Data items
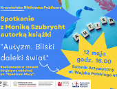 25.04.2023Zapraszamy na spotkanie z Moniką Szubrycht, autorką książki „Autyzm. Bliski daleki świat” - 12 maja (piątek) o godz. 16.00 w Saloniku Artystycznym Krośnieńskiej Biblioteki Publicznej /ul. Wojska Polskiego 41/. -
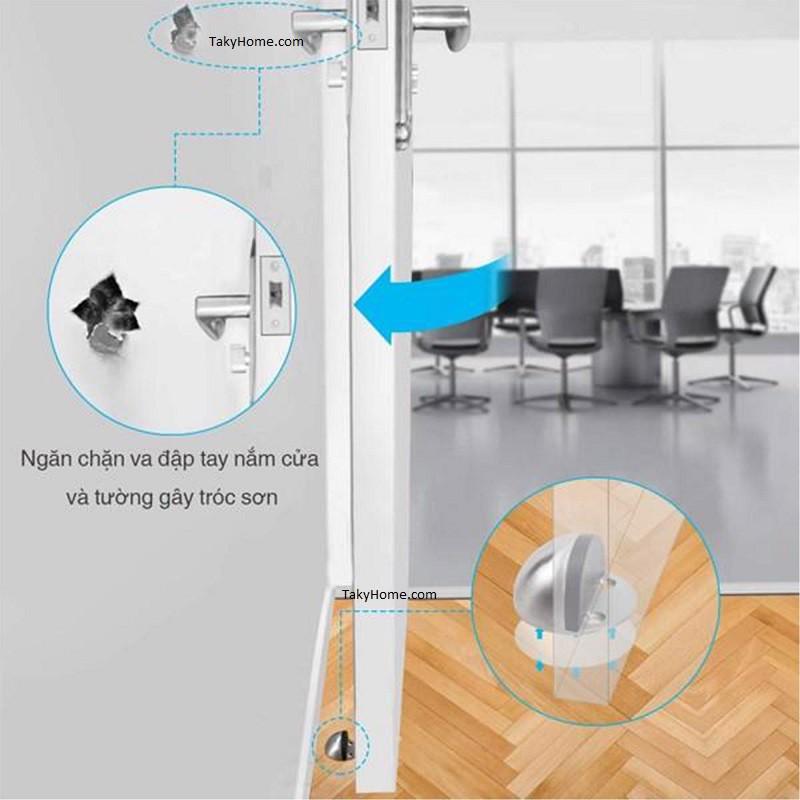 Chặn cửa hình bán nguyệt có nam châm giữ cửa, chặn cửa gắn sàn giúp hạn chế va đập cánh cửa, an toàn
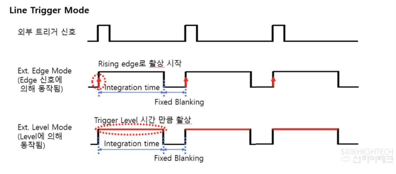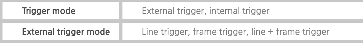 일반적으로 라인스캔 카메라는 트리거모드를 internal/ external 모드를 제공하며, external mode는 lien trigger, frame trigger, line + frame trigger를 제공합니다.
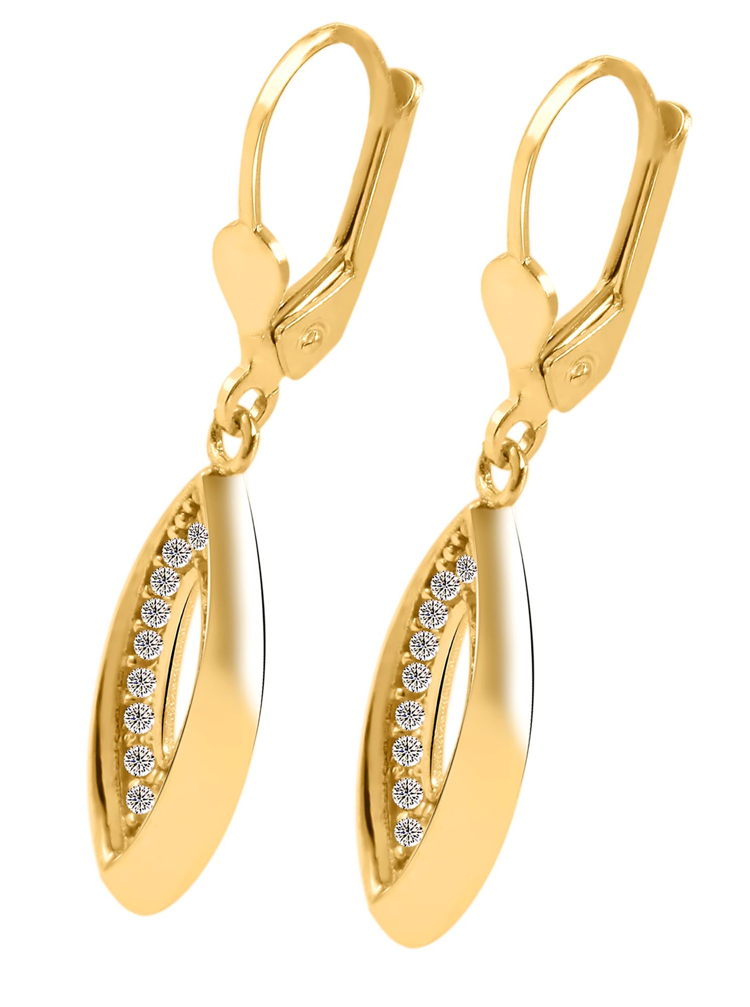 Die femininen Ohrringe sind aus 333er (8 Karat) oder 375er (9 Karat) Gold hergestellt. Die Ohrringe sind Gelbgold und zusätzlich mit jeweils 16 funkelnden Zirkoniasteinen verziert. Der weiße Besatz bildet dabei einen ansprechenden Kontrast. Verschlossen werden die Goldohrringe mit einer praktischen Klappschließe, die ebenfalls aus Echtgold besteht, sich leichthändig bedienen lässt und für sicheren Halt am Ohrloch sorgt. Rundum sind diese Ohrringe schöne Accessoires und das perfekte Geschenk für die moderne Frau von heute. Die Maße ergeben sich aus einer Länge von 16 mm, einer Breite von 7 mm und einer Materialstärke von 2 mm. Dieses Produkt wird auf einem weißen Schmuckkärtchen geliefert. Es hat eine Maße von 38 x 54 mm und eignet sich ideal zum Präsentieren in dem dazu geeigneten Display oder zum Verpacken als Geschenk.
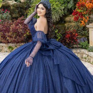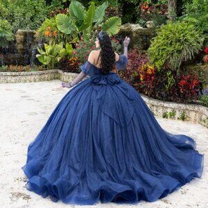 This majestic navy quinceañera dress is a show-stopping masterpiece, perfect for a princess moment. The gown features a shimmering, off-the-shoulder sweetheart neckline, complemented by elegant sheer sleeves that add a touch of drama and grace. The voluminous ball gown skirt, crafted from layers of glittering tulle, flows outward in a cascade of royal blue brilliance, capturing the light with every movement. A matching tiara and intricate bodice detailing elevate the look, making it ideal for a grand celebration. Set against a lush garden backdrop, this gown is a true fairytale come to life.
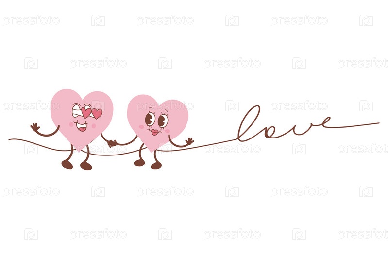Иллюстрация двух сердец и надписи «любовь». Пара сердец. Модная минималистская иллюстрация
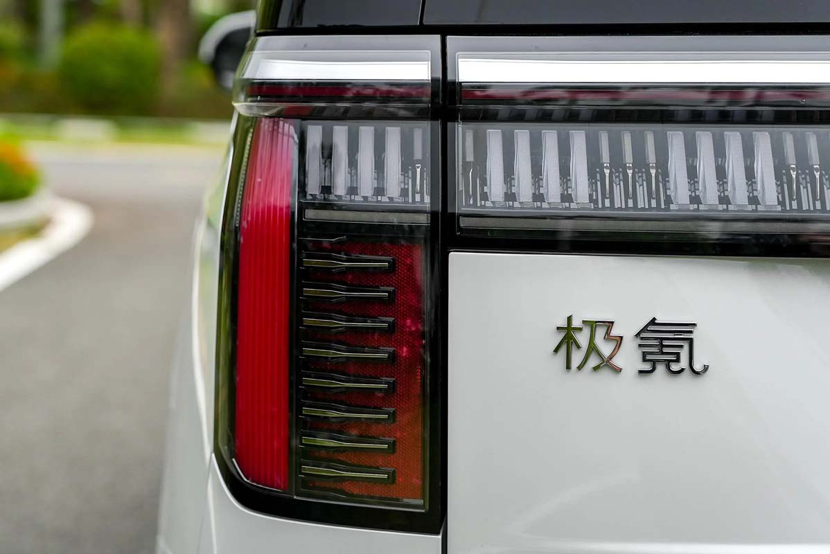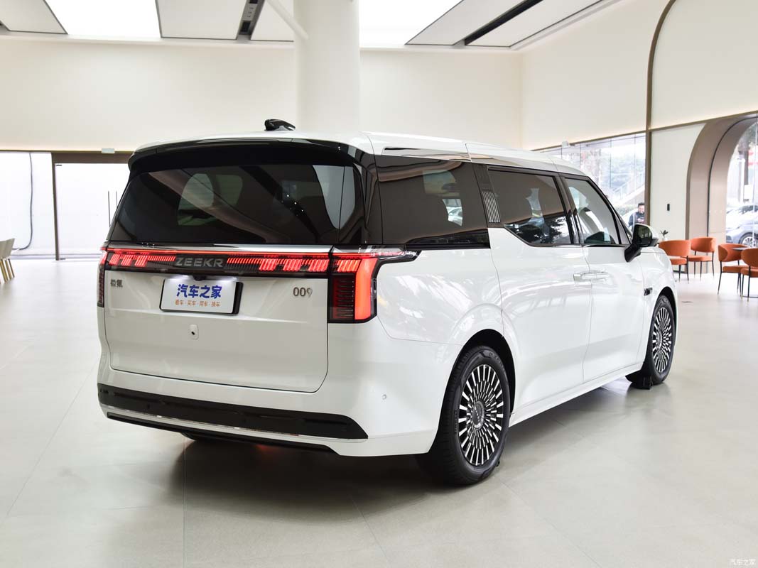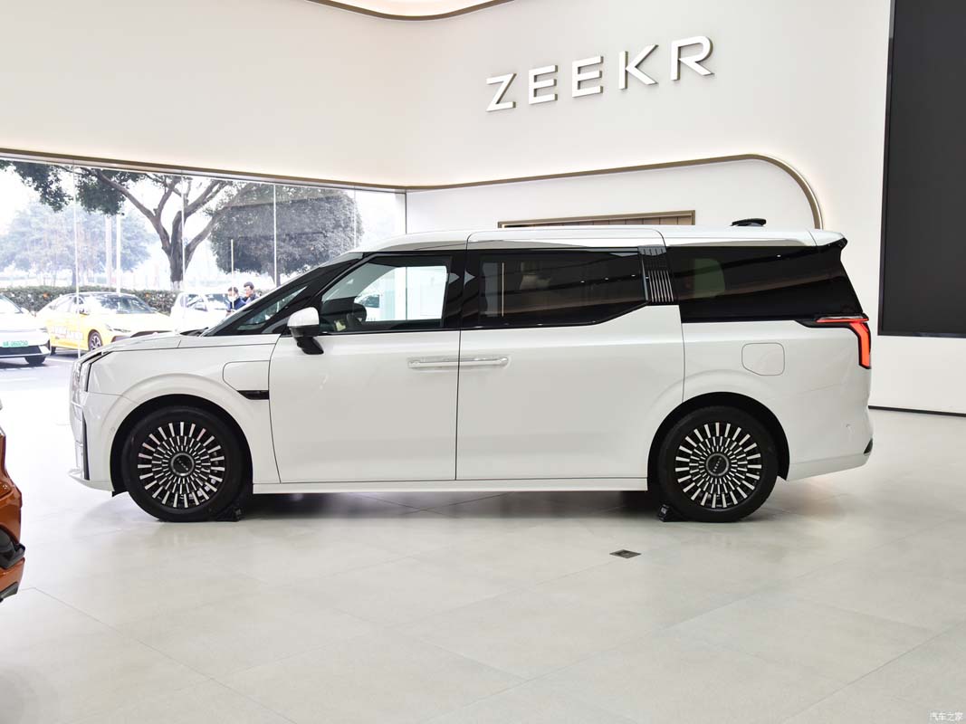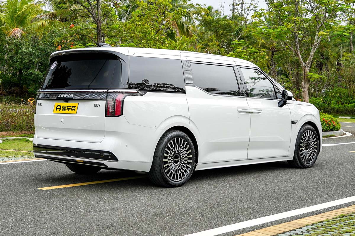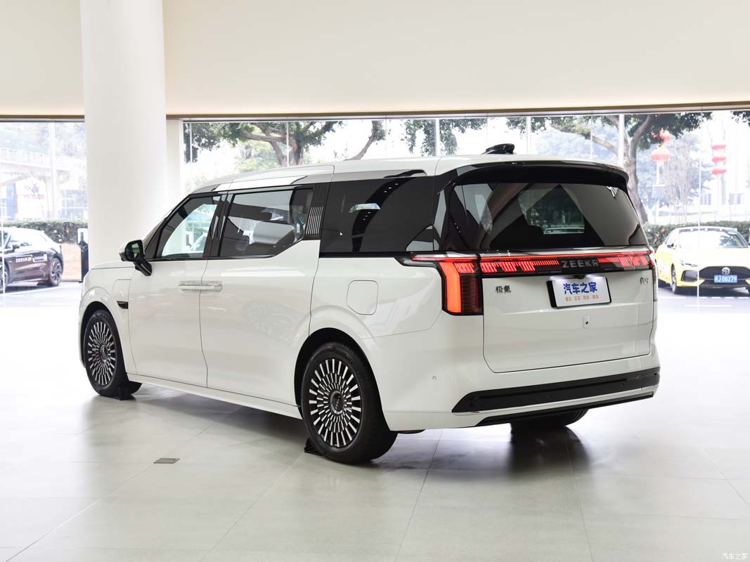 从外观上来看,它采用了非常科幻的 Cyberpunk 设计风格,它的前脸是大面积的银色封闭式水箱护罩,内涵 32 颗 LED 光源,可以实现“流水灯”的效果,加上两边设计独特的泪滴式灯组,不仅看起来非常大气,也为这款车带来了很高的辨识度,另外车侧虽然和一般的 MPV 车型一样是比较方正的外形设计,但是原厂用了 Dual Tone 悬浮式车顶以及在车窗上加入了银色的饰条来为它增添一丝贵气,加上多幅式的轮圈,让你一看它就知道它的身价不菲,而侧滑门在这个级别车型上可说是必备的配备了,至于车尾则用了名为“光之翼”的贯穿式尾灯,里面融入了 402 颗 LED,看起来非常绚丽,而且原厂还将它设计到车侧两旁,看起来和头灯组有着相呼应的效果,至于中间则有 ZEEKR 的品牌名字,整个尾部设计很独特。
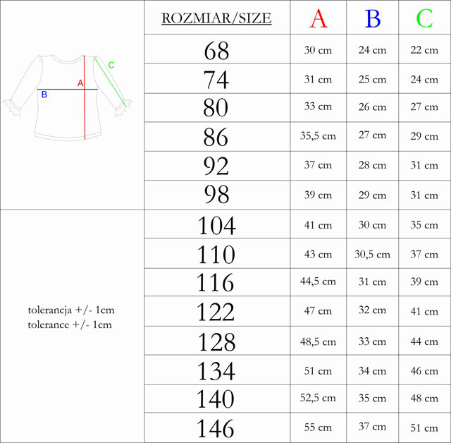 | Размер | Обиколка на гръдния кош | Обиколка на талията |
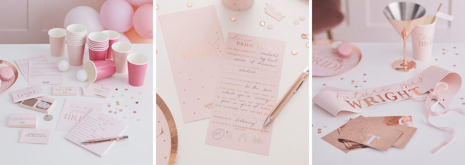 Fotokoutek na rozlučce prostě musí být! Co nevyfotíte, to jako by nebylo. A z čeho byste chtěli sestavovat album pro nevěstu? Na fotografie se určitě pozdějí rádi podívají i svatební hosté. Z kolekce Blush Han doporučujeme Photo Booth, který bude barevně i designově ladit. Každé balení Photo Booth obsahuje 10 rekvizit, včetně: 1x Budoucí paní, 1x Brýle na zábavu Team, 1x Brýle na srdce, 1x rty, 1 x Koktejlové sklo, 1x Diamantový prsten, 1 x Team Bride, 1x Koruna, 1x Řekla Ano a 1 x L Deska se znaménkem a 2 listy dopisů z růžového zlata pro skutečně kreativní rozlučkovou párty. V balení najdete také 2 listy se samolepkami z růžového zlata.

§ Exercise prompt:
Needed here is a verbatim copy of the data from the first line through the line with "일반적으로 라인스캔 카메라는", without pictures.

§ Your solution:
 25.04.2023Zapraszamy na spotkanie z Moniką Szubrycht, autorką książki „Autyzm. Bliski daleki świat” - 12 maja (piątek) o godz. 16.00 w Saloniku Artystycznym Krośnieńskiej Biblioteki Publicznej /ul. Wojska Polskiego 41/. -
 Chặn cửa hình bán nguyệt có nam châm giữ cửa, chặn cửa gắn sàn giúp hạn chế va đập cánh cửa, an toàn
 일반적으로 라인스캔 카메라는 트리거모드를 internal/ external 모드를 제공하며, external mode는 lien trigger, frame trigger, line + frame trigger를 제공합니다.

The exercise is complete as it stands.